Your task is to return the listing below word for word, without any of its images.

*** SUPPLIED MATERIAL Section Begins ***

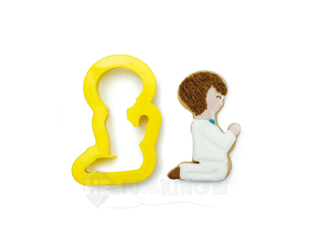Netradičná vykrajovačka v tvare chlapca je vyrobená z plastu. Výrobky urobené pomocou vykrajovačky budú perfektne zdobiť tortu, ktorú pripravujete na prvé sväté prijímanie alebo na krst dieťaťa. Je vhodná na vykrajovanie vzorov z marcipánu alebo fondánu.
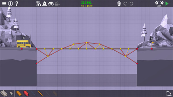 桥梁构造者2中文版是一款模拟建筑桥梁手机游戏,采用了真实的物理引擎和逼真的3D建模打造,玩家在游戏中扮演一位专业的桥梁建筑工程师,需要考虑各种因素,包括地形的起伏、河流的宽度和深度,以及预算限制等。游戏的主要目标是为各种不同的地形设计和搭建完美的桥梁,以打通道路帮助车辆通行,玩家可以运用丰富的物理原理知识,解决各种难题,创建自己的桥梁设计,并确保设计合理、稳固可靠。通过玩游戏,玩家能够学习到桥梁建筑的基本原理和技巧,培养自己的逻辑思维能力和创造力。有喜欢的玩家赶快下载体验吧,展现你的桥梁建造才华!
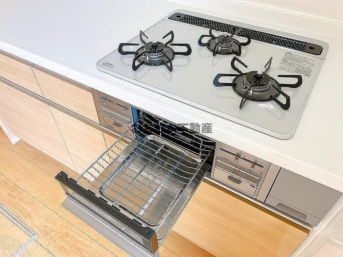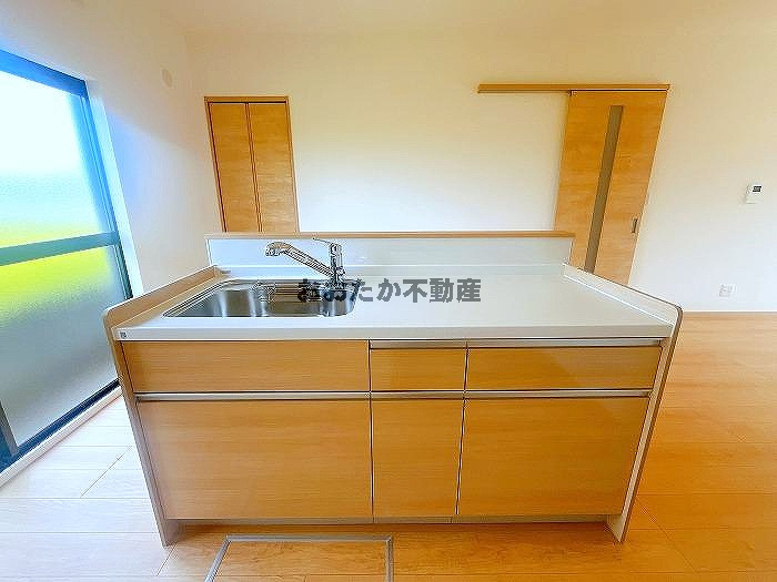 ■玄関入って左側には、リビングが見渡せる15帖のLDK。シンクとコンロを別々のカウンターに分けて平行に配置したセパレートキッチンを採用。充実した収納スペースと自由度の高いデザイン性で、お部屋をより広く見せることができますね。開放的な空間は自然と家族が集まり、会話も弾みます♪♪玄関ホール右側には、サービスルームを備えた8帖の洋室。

*** SUPPLIED MATERIAL Section Ends ***

RESULT
Netradičná vykrajovačka v tvare chlapca je vyrobená z plastu. Výrobky urobené pomocou vykrajovačky budú perfektne zdobiť tortu, ktorú pripravujete na prvé sväté prijímanie alebo na krst dieťaťa. Je vhodná na vykrajovanie vzorov z marcipánu alebo fondánu.
 桥梁构造者2中文版是一款模拟建筑桥梁手机游戏,采用了真实的物理引擎和逼真的3D建模打造,玩家在游戏中扮演一位专业的桥梁建筑工程师,需要考虑各种因素,包括地形的起伏、河流的宽度和深度,以及预算限制等。游戏的主要目标是为各种不同的地形设计和搭建完美的桥梁,以打通道路帮助车辆通行,玩家可以运用丰富的物理原理知识,解决各种难题,创建自己的桥梁设计,并确保设计合理、稳固可靠。通过玩游戏,玩家能够学习到桥梁建筑的基本原理和技巧,培养自己的逻辑思维能力和创造力。有喜欢的玩家赶快下载体验吧,展现你的桥梁建造才华!
 ■玄関入って左側には、リビングが見渡せる15帖のLDK。シンクとコンロを別々のカウンターに分けて平行に配置したセパレートキッチンを採用。充実した収納スペースと自由度の高いデザイン性で、お部屋をより広く見せることができますね。開放的な空間は自然と家族が集まり、会話も弾みます♪♪玄関ホール右側には、サービスルームを備えた8帖の洋室。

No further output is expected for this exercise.